Exercise directions:
Only the lines below starting at the one containing "Papal vestment (Mayan" and ending at the one containing "- Nam Phi thắng" belong in the answer, each copied exactly.

Dataset excerpts

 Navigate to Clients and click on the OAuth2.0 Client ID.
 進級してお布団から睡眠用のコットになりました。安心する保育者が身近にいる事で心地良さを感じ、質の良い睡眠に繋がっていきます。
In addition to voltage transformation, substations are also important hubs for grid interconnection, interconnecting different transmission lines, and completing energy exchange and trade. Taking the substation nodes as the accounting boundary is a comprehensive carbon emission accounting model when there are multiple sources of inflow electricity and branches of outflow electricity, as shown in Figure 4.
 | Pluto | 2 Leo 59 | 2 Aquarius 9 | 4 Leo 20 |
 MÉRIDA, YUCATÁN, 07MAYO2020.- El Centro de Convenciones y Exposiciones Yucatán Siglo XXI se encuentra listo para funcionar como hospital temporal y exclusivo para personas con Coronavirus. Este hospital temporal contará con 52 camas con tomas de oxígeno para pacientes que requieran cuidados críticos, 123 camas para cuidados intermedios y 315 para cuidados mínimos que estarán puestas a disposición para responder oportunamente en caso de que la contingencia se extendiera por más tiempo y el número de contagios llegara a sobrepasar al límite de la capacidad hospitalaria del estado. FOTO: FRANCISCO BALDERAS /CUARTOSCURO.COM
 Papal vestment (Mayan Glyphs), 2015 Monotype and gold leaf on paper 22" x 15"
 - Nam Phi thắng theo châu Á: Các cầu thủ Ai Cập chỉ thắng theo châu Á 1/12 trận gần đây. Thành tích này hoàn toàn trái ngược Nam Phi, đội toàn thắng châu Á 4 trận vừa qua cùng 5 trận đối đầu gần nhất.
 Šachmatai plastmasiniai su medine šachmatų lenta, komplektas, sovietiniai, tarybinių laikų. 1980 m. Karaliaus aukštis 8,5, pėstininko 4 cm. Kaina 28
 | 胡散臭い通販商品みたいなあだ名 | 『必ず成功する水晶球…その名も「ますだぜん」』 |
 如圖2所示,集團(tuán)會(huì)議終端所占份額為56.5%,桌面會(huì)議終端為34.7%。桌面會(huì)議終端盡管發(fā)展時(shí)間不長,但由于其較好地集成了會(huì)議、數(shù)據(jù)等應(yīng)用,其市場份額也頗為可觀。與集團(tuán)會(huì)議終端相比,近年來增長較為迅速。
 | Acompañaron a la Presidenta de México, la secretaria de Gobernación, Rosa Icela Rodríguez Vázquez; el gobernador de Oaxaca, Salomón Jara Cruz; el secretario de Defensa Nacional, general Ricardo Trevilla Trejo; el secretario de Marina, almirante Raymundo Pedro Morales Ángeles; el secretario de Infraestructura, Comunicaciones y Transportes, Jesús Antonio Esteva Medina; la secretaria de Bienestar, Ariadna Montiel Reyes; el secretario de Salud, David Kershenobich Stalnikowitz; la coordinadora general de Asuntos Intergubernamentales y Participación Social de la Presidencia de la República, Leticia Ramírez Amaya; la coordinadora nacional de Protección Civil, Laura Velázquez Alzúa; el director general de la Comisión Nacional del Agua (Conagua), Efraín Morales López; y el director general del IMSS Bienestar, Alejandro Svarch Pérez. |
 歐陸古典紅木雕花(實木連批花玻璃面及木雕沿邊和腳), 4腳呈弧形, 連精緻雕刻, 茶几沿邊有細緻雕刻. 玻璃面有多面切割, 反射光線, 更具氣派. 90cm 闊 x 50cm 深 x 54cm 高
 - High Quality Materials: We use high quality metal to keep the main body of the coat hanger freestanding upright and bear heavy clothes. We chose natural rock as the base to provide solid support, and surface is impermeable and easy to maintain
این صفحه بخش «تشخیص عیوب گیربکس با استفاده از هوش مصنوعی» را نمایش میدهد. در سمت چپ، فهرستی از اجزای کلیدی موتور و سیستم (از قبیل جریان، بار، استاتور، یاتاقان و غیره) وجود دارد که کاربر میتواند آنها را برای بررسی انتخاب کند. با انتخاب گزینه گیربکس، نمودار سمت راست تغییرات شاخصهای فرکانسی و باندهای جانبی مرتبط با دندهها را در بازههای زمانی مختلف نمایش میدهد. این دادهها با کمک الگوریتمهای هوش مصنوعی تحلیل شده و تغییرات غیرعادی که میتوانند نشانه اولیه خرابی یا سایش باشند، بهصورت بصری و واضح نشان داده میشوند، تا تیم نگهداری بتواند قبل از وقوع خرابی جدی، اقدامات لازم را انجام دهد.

Solved exercise:
 Papal vestment (Mayan Glyphs), 2015 Monotype and gold leaf on paper 22" x 15"
 - Nam Phi thắng theo châu Á: Các cầu thủ Ai Cập chỉ thắng theo châu Á 1/12 trận gần đây. Thành tích này hoàn toàn trái ngược Nam Phi, đội toàn thắng châu Á 4 trận vừa qua cùng 5 trận đối đầu gần nhất.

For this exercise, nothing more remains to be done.